Data supplied.
* * * * *
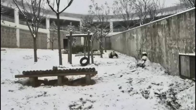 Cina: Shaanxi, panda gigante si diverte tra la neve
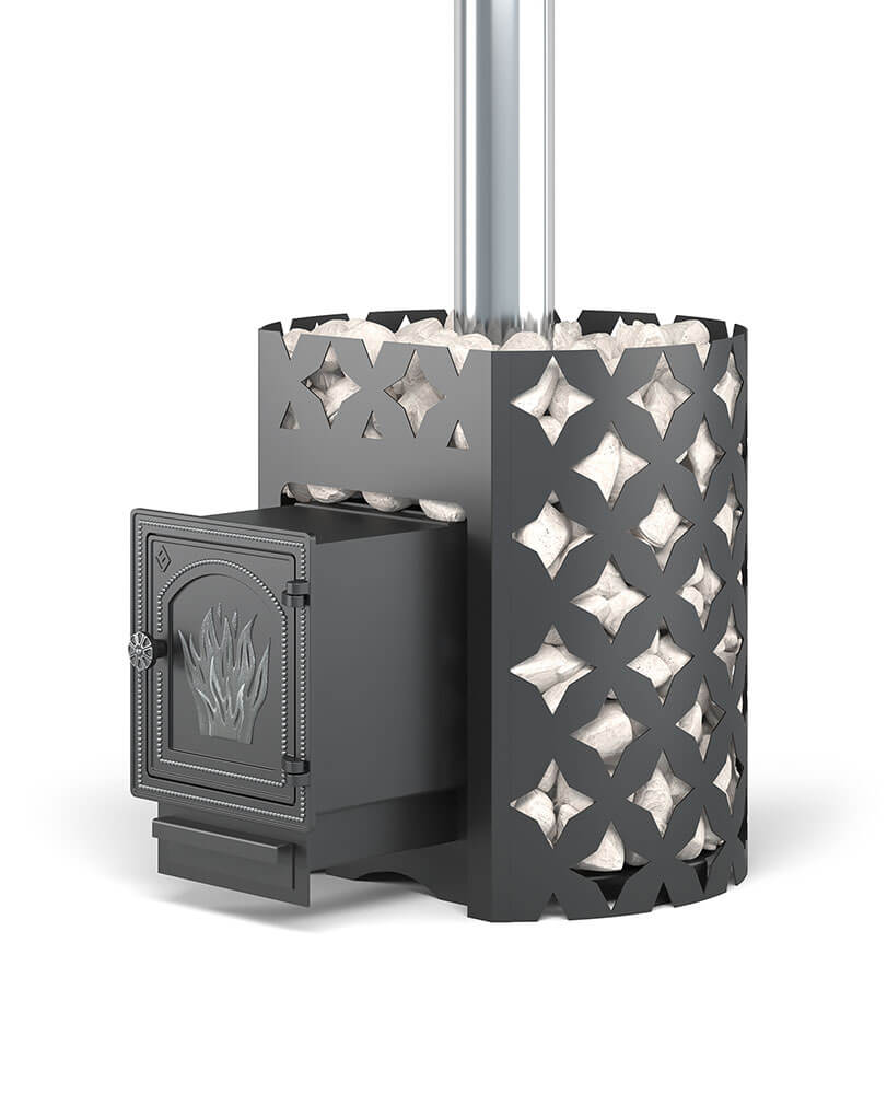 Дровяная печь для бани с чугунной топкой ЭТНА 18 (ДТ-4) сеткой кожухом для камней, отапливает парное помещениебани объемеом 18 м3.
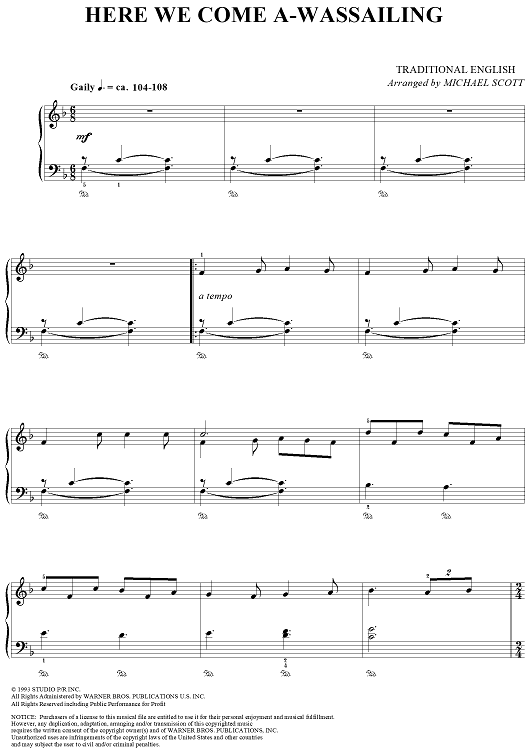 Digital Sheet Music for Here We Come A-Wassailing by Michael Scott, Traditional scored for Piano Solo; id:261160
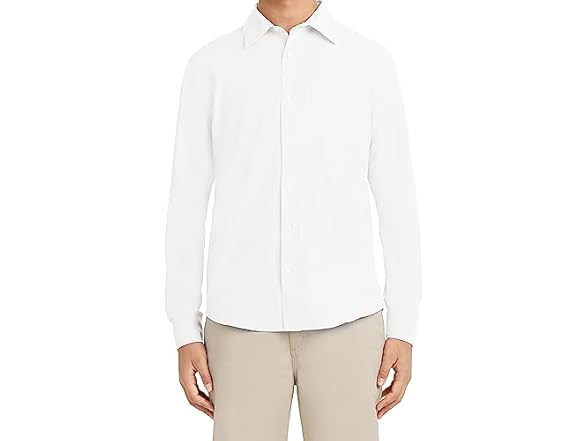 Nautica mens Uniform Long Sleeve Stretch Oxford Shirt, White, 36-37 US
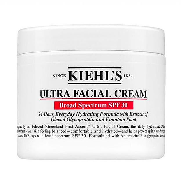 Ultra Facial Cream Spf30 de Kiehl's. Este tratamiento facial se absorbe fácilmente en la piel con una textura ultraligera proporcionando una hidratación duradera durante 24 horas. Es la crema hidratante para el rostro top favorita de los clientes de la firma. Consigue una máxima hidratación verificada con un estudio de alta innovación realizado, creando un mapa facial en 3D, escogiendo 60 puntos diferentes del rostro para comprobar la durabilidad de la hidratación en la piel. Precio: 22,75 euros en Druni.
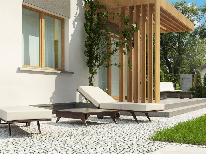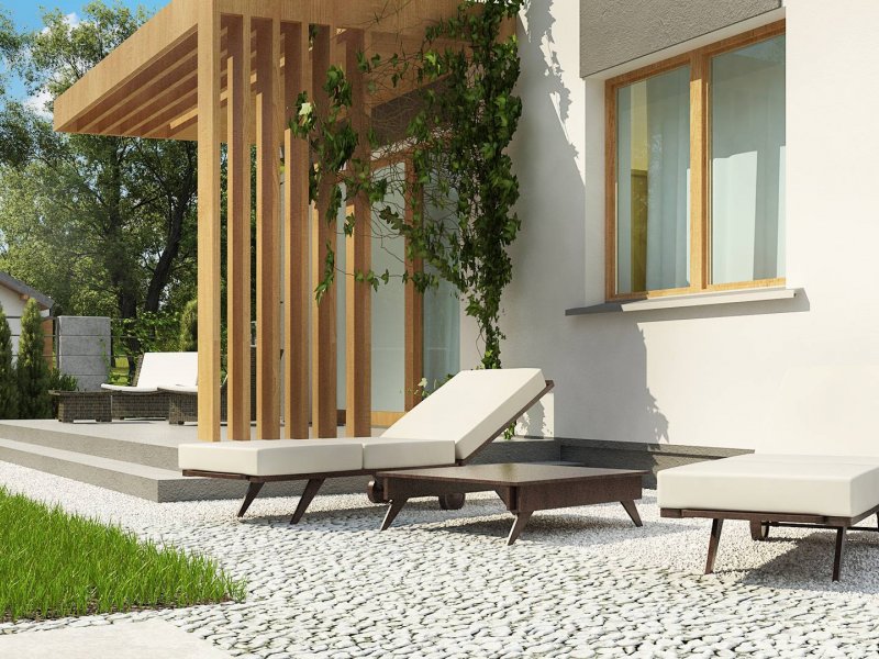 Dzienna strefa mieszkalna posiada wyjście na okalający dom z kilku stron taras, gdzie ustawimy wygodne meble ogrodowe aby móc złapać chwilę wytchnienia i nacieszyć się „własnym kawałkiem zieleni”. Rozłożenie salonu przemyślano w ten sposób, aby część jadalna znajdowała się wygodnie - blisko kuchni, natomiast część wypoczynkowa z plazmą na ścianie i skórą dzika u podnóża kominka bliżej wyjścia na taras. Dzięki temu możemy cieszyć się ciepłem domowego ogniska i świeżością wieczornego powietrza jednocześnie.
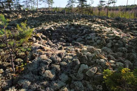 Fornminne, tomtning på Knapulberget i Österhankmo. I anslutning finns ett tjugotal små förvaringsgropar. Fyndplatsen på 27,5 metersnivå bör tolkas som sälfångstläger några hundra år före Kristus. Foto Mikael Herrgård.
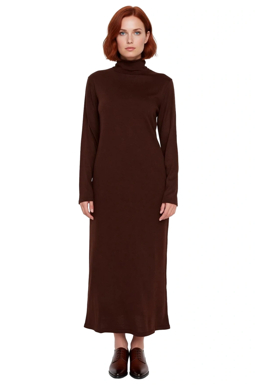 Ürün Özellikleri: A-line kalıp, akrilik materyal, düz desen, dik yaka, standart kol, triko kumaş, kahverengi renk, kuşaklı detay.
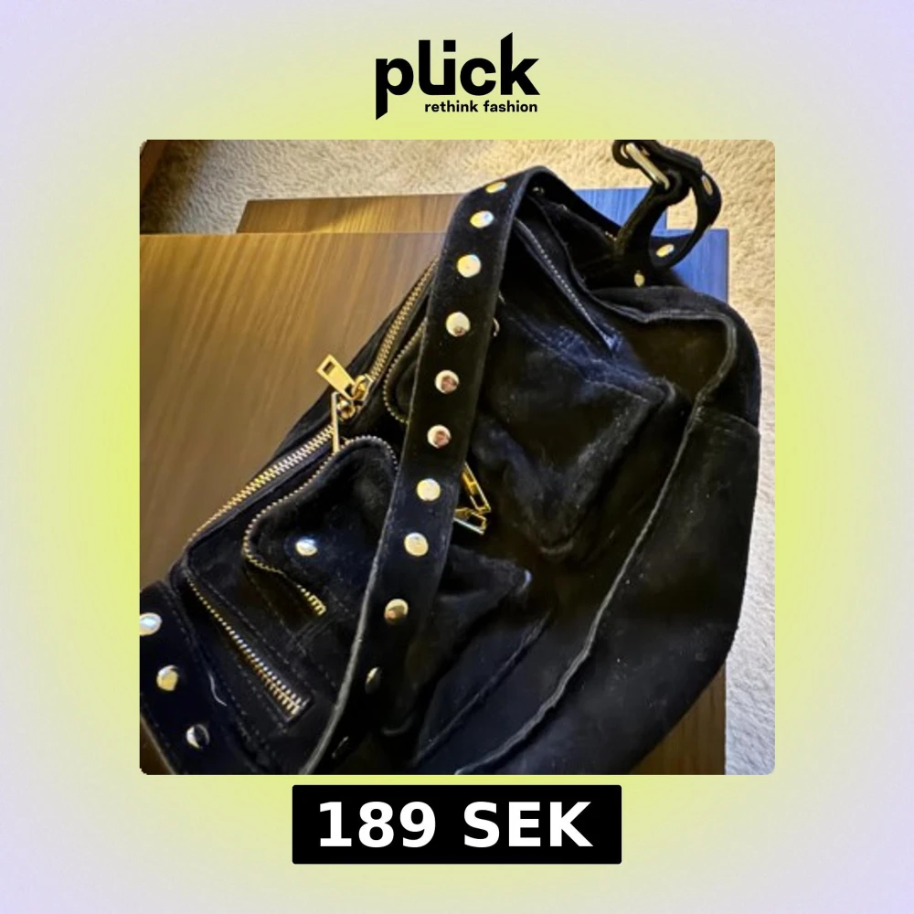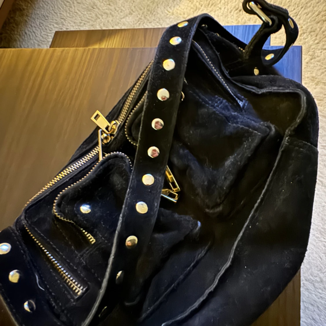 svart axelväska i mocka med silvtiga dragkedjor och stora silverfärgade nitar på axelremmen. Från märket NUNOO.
* * * * *
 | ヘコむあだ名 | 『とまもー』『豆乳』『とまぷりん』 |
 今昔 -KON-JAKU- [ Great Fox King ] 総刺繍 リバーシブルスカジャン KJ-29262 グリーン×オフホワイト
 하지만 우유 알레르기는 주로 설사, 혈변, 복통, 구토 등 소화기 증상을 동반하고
* * * * *
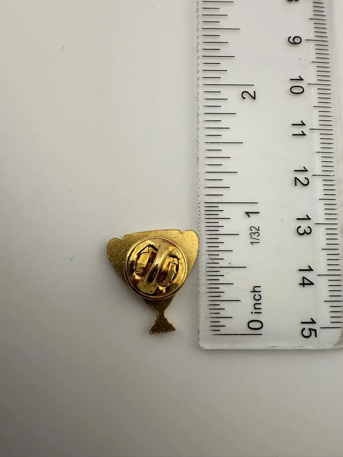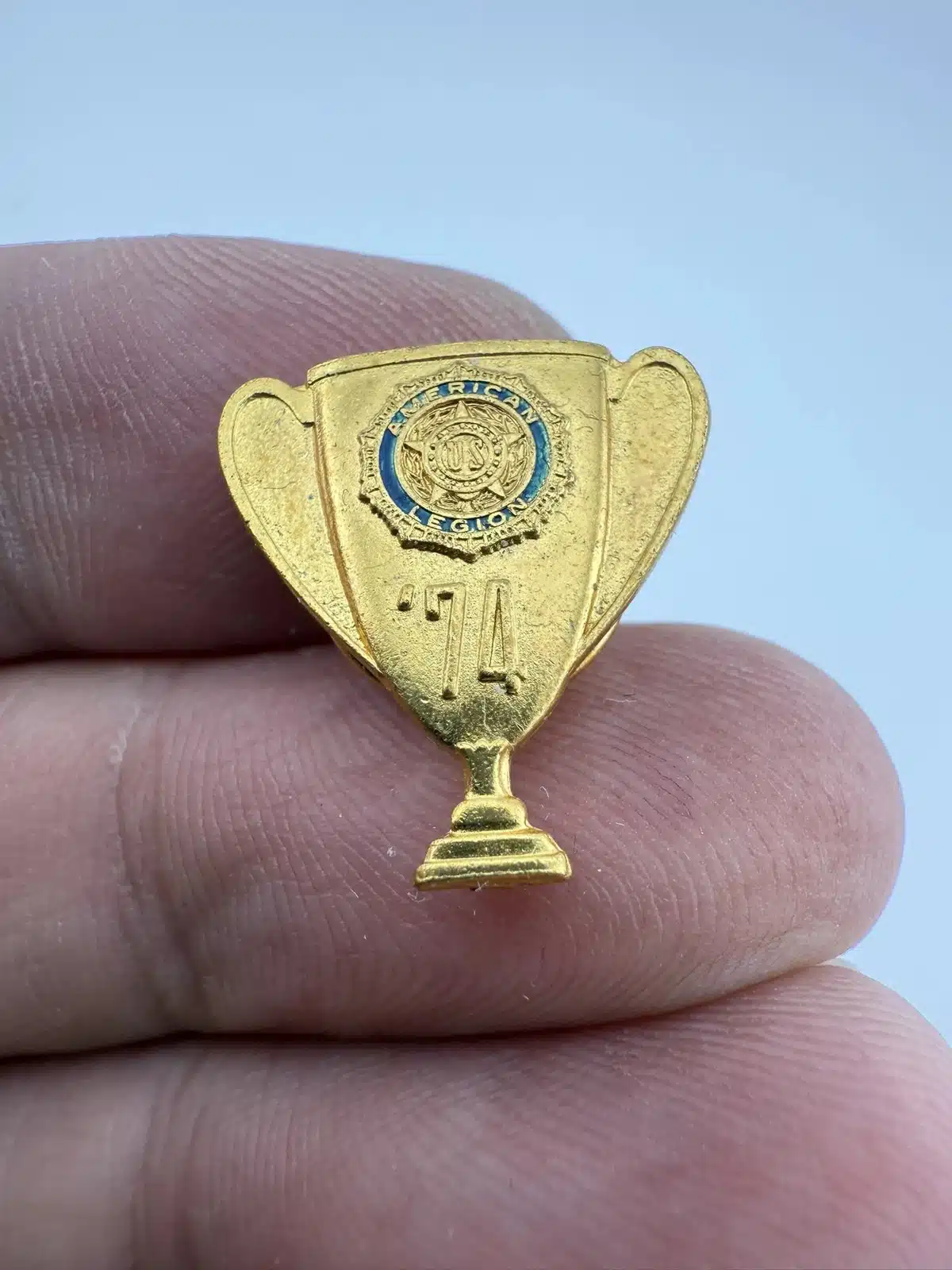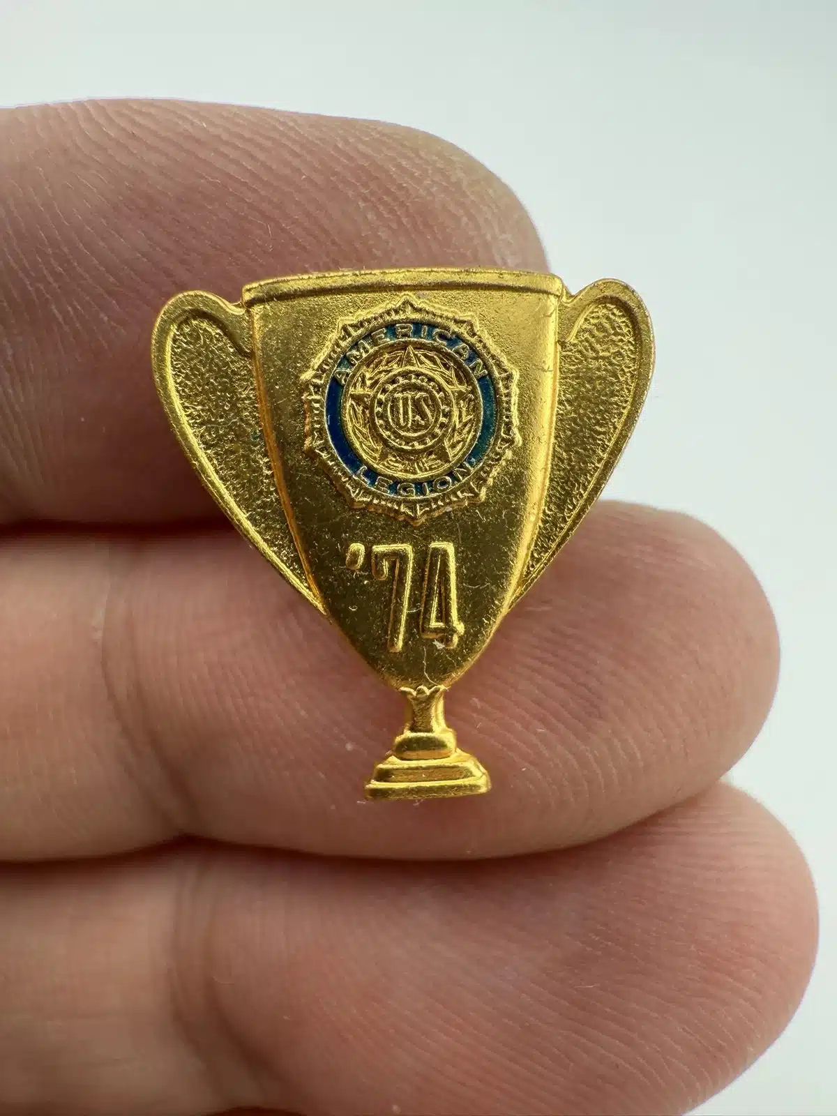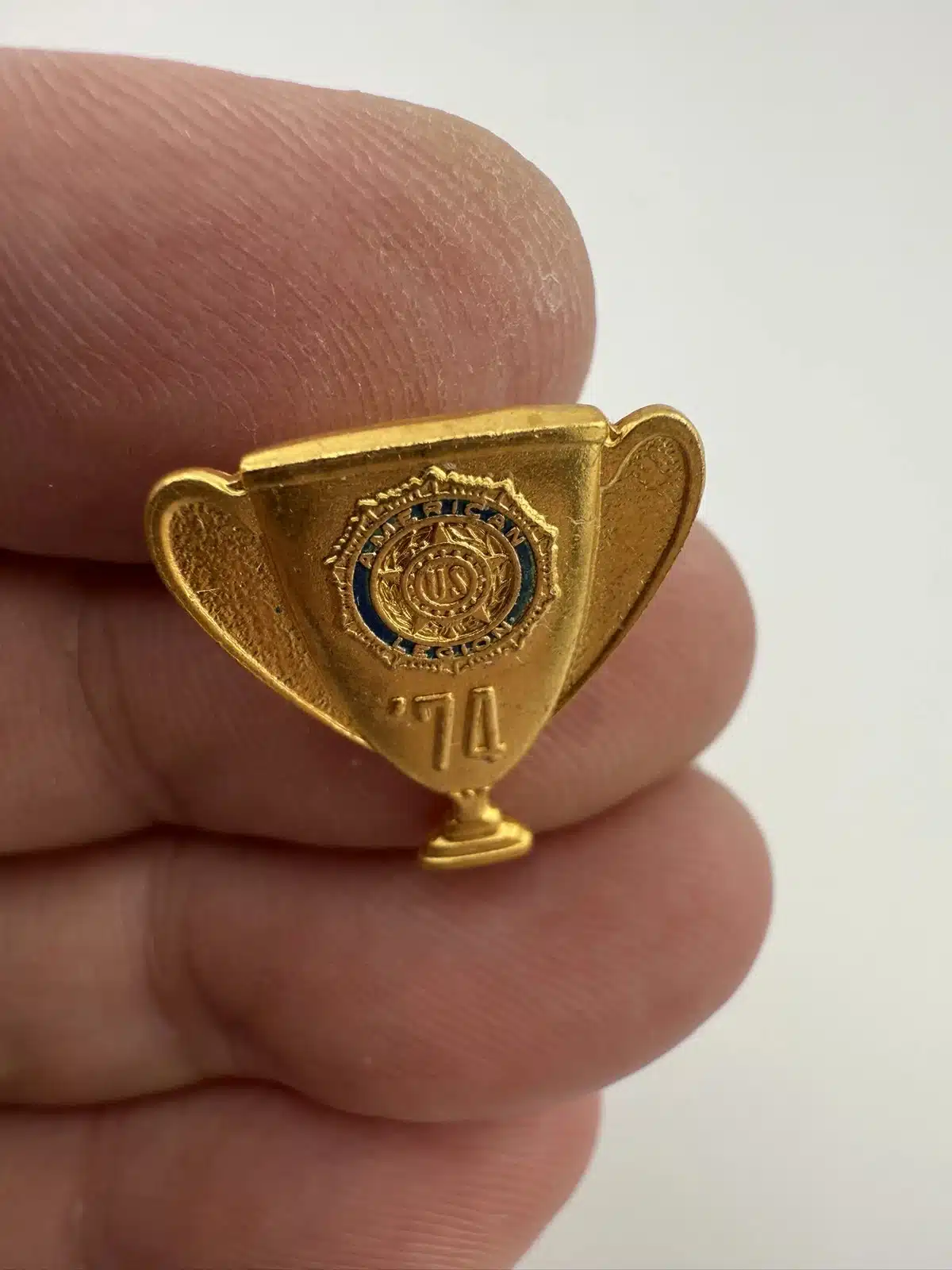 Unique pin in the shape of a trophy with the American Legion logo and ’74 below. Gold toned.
* * * * *
What you should do. Set down again, word for word, every line from the one with "Дровяная печь для" to the one with "Ürün Özellikleri: A-line" in the entries above, and omit the pictures.

Solution.
 Дровяная печь для бани с чугунной топкой ЭТНА 18 (ДТ-4) сеткой кожухом для камней, отапливает парное помещениебани объемеом 18 м3.
 Digital Sheet Music for Here We Come A-Wassailing by Michael Scott, Traditional scored for Piano Solo; id:261160
 Nautica mens Uniform Long Sleeve Stretch Oxford Shirt, White, 36-37 US
 Ultra Facial Cream Spf30 de Kiehl's. Este tratamiento facial se absorbe fácilmente en la piel con una textura ultraligera proporcionando una hidratación duradera durante 24 horas. Es la crema hidratante para el rostro top favorita de los clientes de la firma. Consigue una máxima hidratación verificada con un estudio de alta innovación realizado, creando un mapa facial en 3D, escogiendo 60 puntos diferentes del rostro para comprobar la durabilidad de la hidratación en la piel. Precio: 22,75 euros en Druni.
 Dzienna strefa mieszkalna posiada wyjście na okalający dom z kilku stron taras, gdzie ustawimy wygodne meble ogrodowe aby móc złapać chwilę wytchnienia i nacieszyć się „własnym kawałkiem zieleni”. Rozłożenie salonu przemyślano w ten sposób, aby część jadalna znajdowała się wygodnie - blisko kuchni, natomiast część wypoczynkowa z plazmą na ścianie i skórą dzika u podnóża kominka bliżej wyjścia na taras. Dzięki temu możemy cieszyć się ciepłem domowego ogniska i świeżością wieczornego powietrza jednocześnie.
 Fornminne, tomtning på Knapulberget i Österhankmo. I anslutning finns ett tjugotal små förvaringsgropar. Fyndplatsen på 27,5 metersnivå bör tolkas som sälfångstläger några hundra år före Kristus. Foto Mikael Herrgård.
 Ürün Özellikleri: A-line kalıp, akrilik materyal, düz desen, dik yaka, standart kol, triko kumaş, kahverengi renk, kuşaklı detay.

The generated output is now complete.